The concluding episode sees McMahon save his life and begin to reveal her secrets to Doggett, Reyes and Scully. The two informants were killed (by her) after trying to warn about chloramine being used to contaminate the US populace's water supply and make them susceptible to a change in their genetic make up, allowing for the breeding of a new generation of Super Soldiers. It should be an exciting mystery, The X Files stepping up its latest arc to the next level, but without Mulder and Scully virtually a bit player, it doesn't feels as exciting as it should be.
The most interesting part of the second episode is the return of Adam Baldwin's Knowle Rohrer, who infiltrates a mysterious warship containing a secret genetics lab. The captain has brought the ship to port, hoping to share the vessel's insidious secrets with the now dead informants. Rohrer is now a fully-fledged villain, resurrected after his fiery car crash in the season eight finale and Baldwin plays the quiet menace well. It's actually a shame he wouldn't appear again until the final episode of season nine; I would have liked more of that duplicitous relationship between him and Doggett but he remains a great throughline on the super soldier story arc.

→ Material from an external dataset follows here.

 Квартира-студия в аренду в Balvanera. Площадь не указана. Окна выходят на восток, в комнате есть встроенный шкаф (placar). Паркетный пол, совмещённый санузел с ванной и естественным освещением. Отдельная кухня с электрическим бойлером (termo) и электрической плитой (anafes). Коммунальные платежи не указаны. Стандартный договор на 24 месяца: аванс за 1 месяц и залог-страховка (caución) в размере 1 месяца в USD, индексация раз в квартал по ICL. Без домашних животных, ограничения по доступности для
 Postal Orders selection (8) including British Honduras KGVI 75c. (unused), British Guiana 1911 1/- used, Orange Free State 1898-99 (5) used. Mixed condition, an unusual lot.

The final showdown on the ship is the highlight on a rather tiresome story. Doggett comes face face with his former friend and is almost killed before McMahon arrives to slice off Rohrer's head Billy-Miles style. But the shocks don't there; a headless Rohrer rams his fist through her heart, seemingly killing her. Meanwhile Scully and Reyes race through the ship, discovering the corpse of the beheaded captain and the secret laboratory while Doggett uncovers the bomb.
The ticking clock adds a sense of urgency but it also does sees the episode fall into that old The X Files cliche of dangling clues before the agents and then ripping them away. Scully desperately searches for signs of her own catalogued DNA - and the secrets to William - and is then dragged away by Reyes and Doggett, escaping the exploding vessel just in time. Mulder and Scully uncovering secret files on the general populace way back in season three's Paper Clip was a thrilling moment in the show. Six years later, finding another lab with more evidence of Scully's abduction feels utterly uninspired.

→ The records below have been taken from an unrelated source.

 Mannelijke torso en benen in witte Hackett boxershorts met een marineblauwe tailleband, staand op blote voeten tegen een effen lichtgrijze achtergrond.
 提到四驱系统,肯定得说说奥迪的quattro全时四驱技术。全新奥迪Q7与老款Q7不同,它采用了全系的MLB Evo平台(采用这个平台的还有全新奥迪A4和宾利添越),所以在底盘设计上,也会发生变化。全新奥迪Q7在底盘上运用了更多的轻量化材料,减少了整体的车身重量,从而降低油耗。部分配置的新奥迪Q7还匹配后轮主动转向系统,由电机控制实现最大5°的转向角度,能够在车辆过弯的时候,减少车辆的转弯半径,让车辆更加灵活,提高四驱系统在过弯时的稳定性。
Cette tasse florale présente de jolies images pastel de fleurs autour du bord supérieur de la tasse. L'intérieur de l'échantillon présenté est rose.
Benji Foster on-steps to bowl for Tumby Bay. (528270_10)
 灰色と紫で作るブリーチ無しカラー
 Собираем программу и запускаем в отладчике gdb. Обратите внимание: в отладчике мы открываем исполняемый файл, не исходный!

And that's the crux of the issues with this two-parter. It becomes all about Mulder's mysterious disappearance, Doggett being forced into his role and Scully and William at the heart of the mystery. It should have been a fresh start - Doggett and Reyes on the X Files out on their own. Sadly, Reyes struggles to keep her head afloat while Doggett is out of character, Scully is even worse, mysterious and dismissive and seemingly far removed in her relationship from Doggett that was so carefully built up last season.Some of the plot points don't even make sense. Doggett's investigation into the FBI - an exciting plot development for season nine ends like a damp squib and Kersh goers from villain to unlikeable good guy of sorts, suggesting he convinced Mulder to go...or Scully did...I don't know. Apparently there are reasons which aren't clear enough to make any coherent sense.

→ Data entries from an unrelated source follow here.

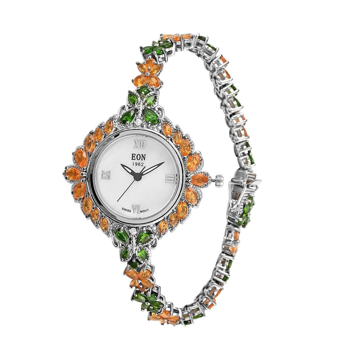 Eon 1962 Swiss Movement Multi Gemstone Watch in Platinum Over Sterling Silver 11.75 ctw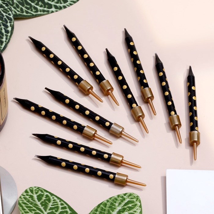 Свечи в торт «Золотая горошина», 6 см, 10 шт., чёрные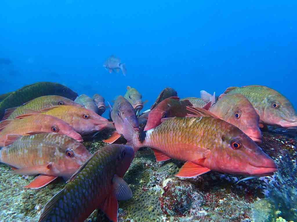 まずは、「今なにが見どころ?」って言われたら、まずはこちらです。ホウライヒメジ群れ。よく、根の上でひしめきあって休憩をしています。次から次へ仲間たちが同じところに休憩しに来るので、「おい、せまいやろーが!」「もっとそっち行ってーや!」というやり取りが聞こえてきそうなほどに、ぎゅうぎゅうになっています。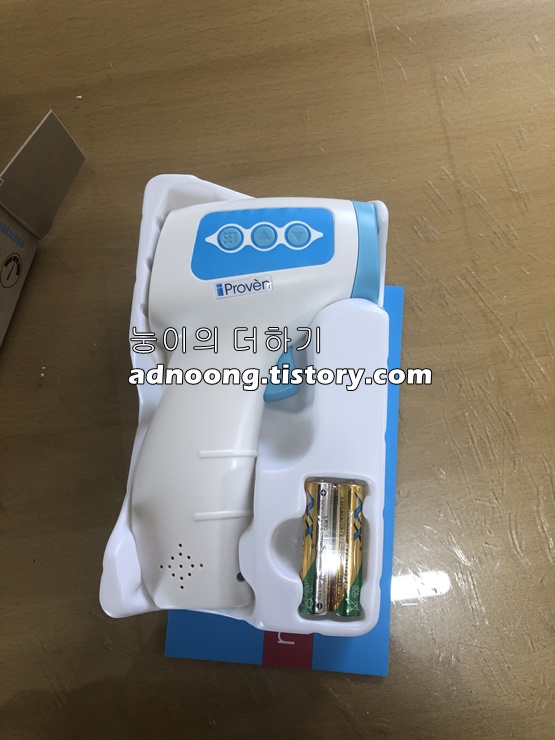 박스를 열어보면 위와 같은 모양을 하고 있습니다. 내용물은 설명서, 본체, 배터리로 구성되어있는데... 본체는 꼭 애들 장난감 같은 플라스틱 느낌으로 고급스러움은 느껴지지 않습니다. 그래도 상황이 상황인지라 제대로 체온만 측정 가능하면 됩니다.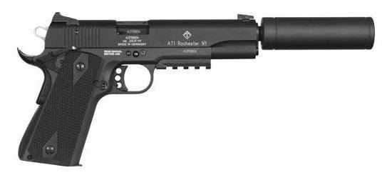 Mfr Items:GSG German Sports Guns Category:PISTOLS Mfr Scan:GSG Model:GSG-1911 Series:22LR Action:Single Caliber:22 Long Rifle Barrel Length:5.0" Capacity:10+1 Safety:Manual Thumb/Grip Grips:Black Synthetic Sights:Fixed Weight:37.7 oz Frame Finish:Black Hard Coat Anodized Frame Material:Zinc Alloy Barrel Type:Fake Suppressor Slide Description:Black Zinc Alloy

Nothing Important Happened Today is a very apt title, but not in the way it was intended, a play on a historical event (the declaration of independence being dismissed by King George the Third). Kersh suggests that something big is happening and it is being swept under the carpet. But on reflection I struggle to see what. Nothing really did happen in this episode, just a tired run of cliches, repetition and dull new characters. Things will get a bit better when the show is allowed to have Doggett and Reyes investigating the supernatural but even then the spectre of Scully - hanging onto the show by a thread - and an absent Mulder will undermine it all. And who would have thought those two iconic agents would be the problem here?